I think I rather just redefine the QSLOG macros to use Qt inbuilt logging system and make the build stable again. see http://doc.qt.io/qt-5/debug.html

Qt's inbuilt system doesn't provide file logging AFAIU, unless it has changed and was the original reason APM Planner 2.0 uses QSLOG

AndKe commented 8 years ago

@billbonney - logging to file is less important, log rotation have "always" been broken, and current log is overwritten on AP2 start anyway. Logging to stdout is what we usually look at anyway, and if file logging is desired, I could always use tee command to duplicate output to file.. I guess osx people can do it too. So "yes" , skipping QSLOG is one way around it. There is however one tiny, scary part, - if we assume QSLOG itself is not buggy (https://github.com/ArduPilot/apm_planner/issues/941#issuecomment-219307185) - but something else is corrupting it, -will something else be corrupted if we replace QSLOG ? I do suspect there is something very strange somewhere, had two freelancers to look at https://github.com/ArduPilot/apm_planner/issues/646 - and it's a mystery to them as well.

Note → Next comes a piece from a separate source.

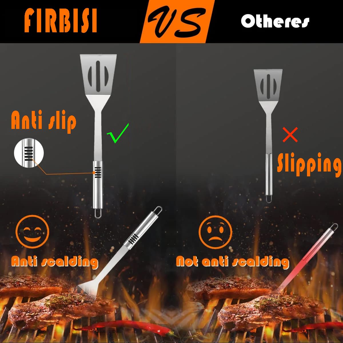- 420 Stainless Steel Grill Kit:FIRBISI Barbecue accessories made of heavy-duyty stainless steel;Rust -proof, anti -rust, corrosion resistance, antioxidant;The grill tools is easy to clean,dishwasher is safe;It's fine to barbecue, camping or cooking

BTW: Loading AP2 with no widgets does not affect the logging problem.

Arne-W commented 8 years ago

Hi all, I removed the QsLog call here and replaced it by a direct call to fprintf() using the same time stamp creation used in QsLog and it does not crash any more when loading the log. I will have a closer look at QsLog again. If someone wants to verify checkout this branch: https://github.com/Arne-W/apm_planner/commits/Logging_Tests Also replacing QLOG_ERROR() with a qWarning() call at the same place works too.

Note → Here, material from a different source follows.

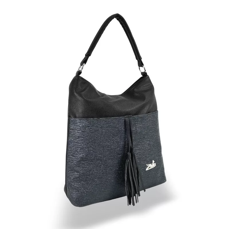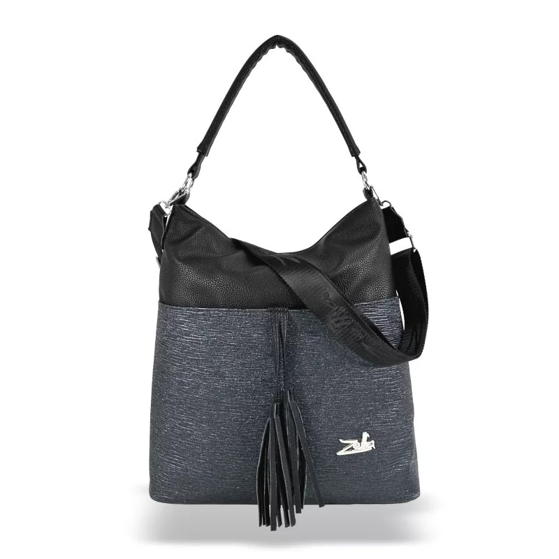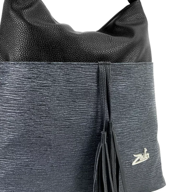 Dámska kabelka cez rameno Zellia 21031 v čierno-grafitovej farbe, 41 x 38 x 10,5 cm

dcarpy commented 8 years ago

@Arne-W Nice! I'll check it out.

Arne-W commented 8 years ago

@dcarpy if you want to test the fprintf() version you will have to use this commit: Arne-W/apm_planner@2e19fd6e7c31314abdbbabcba8a391fee78d4231 as I will push some more test commits to this branch.

AndKe commented 8 years ago

@Arne-W Logging_Tests

EDIT: the crash was unrelated - the fprintf() works fine. - created a new issue for that .

Arne-W commented 8 years ago

@AndKe very good - as I have only replaced the lines were the Corrupt data read: Time is not increasing..... text is generated the crash afterwards is also triggered through the logging when populating the graph with the mode events. If you want to test some more - I have pushed a new commit to the Logging_Tests branch which changes the the fprintf() call to a slightly modified QsLog helper call which does not print in the DTOR but by an explicit call. Its this one Arne-W/apm-planner@59981c74d38d238f2a622560bf7365b15ca16430 Moreover you can use this branch. I have patched the QsLog macros to use the Qt internal logging system bypassing nearly all QsLog code. This branch should not crash anymore, but logging has no timestamp.

AndKe commented 8 years ago

@Arne-W https://github.com/Arne-W/apm_planner/commits/Replace_QsLog_Test works fine.

Arne-W commented 8 years ago

Seems that we have a simple workaround for this issue - very good - so we have more time to investigate the "real" problem. @billbonney Perfect Idea just to redefine the QsLog Macros. Shall I make a PR for that - I think it should not be such a fast hack like my actual branch. I did some more tests and I am in doubt that it is only apm-planner related. The fact that patching the QsLog macros made the problem go away makes me wonder. I have an uneasy feeling about the logging helper and the logwriting in the DTOR see here. It seems get a bit more stable (crashes too but later, I think) with my hack mentioned above (Arne-W/apm-planner@59981c74d38d238f2a622560bf7365b15ca16430)

Arne-W commented 8 years ago

I extended my hack which removed the logwriting from the DTOR. The buffer and qtDebug members are now placed on the heap. With this change it sometimes loads the log without a crash (loaded 5 times 4 without a crash). Its getting more stable. I am pretty sure the logging helper is the culprit. I have no Idea what exactly happens and why it works on 15.10 and 14.04 - but manipulating this object changes the behaviour. Perhaps we should change the logging framework or invent one by ourselves. BTW: @billbonney QDebug supports file logging too. http://doc.qt.io/qt-5/qdebug.html#QDebug

billbonney commented 8 years ago

@Arne-W re comment https://github.com/ArduPilot/apm_planner/issues/941#issuecomment-219333054

I think we should just move the logging back to using Qt's inbuilt system. QSLOG was added when we stated APM Planner 2.0 with Qt4.8 and it didn't support file logging.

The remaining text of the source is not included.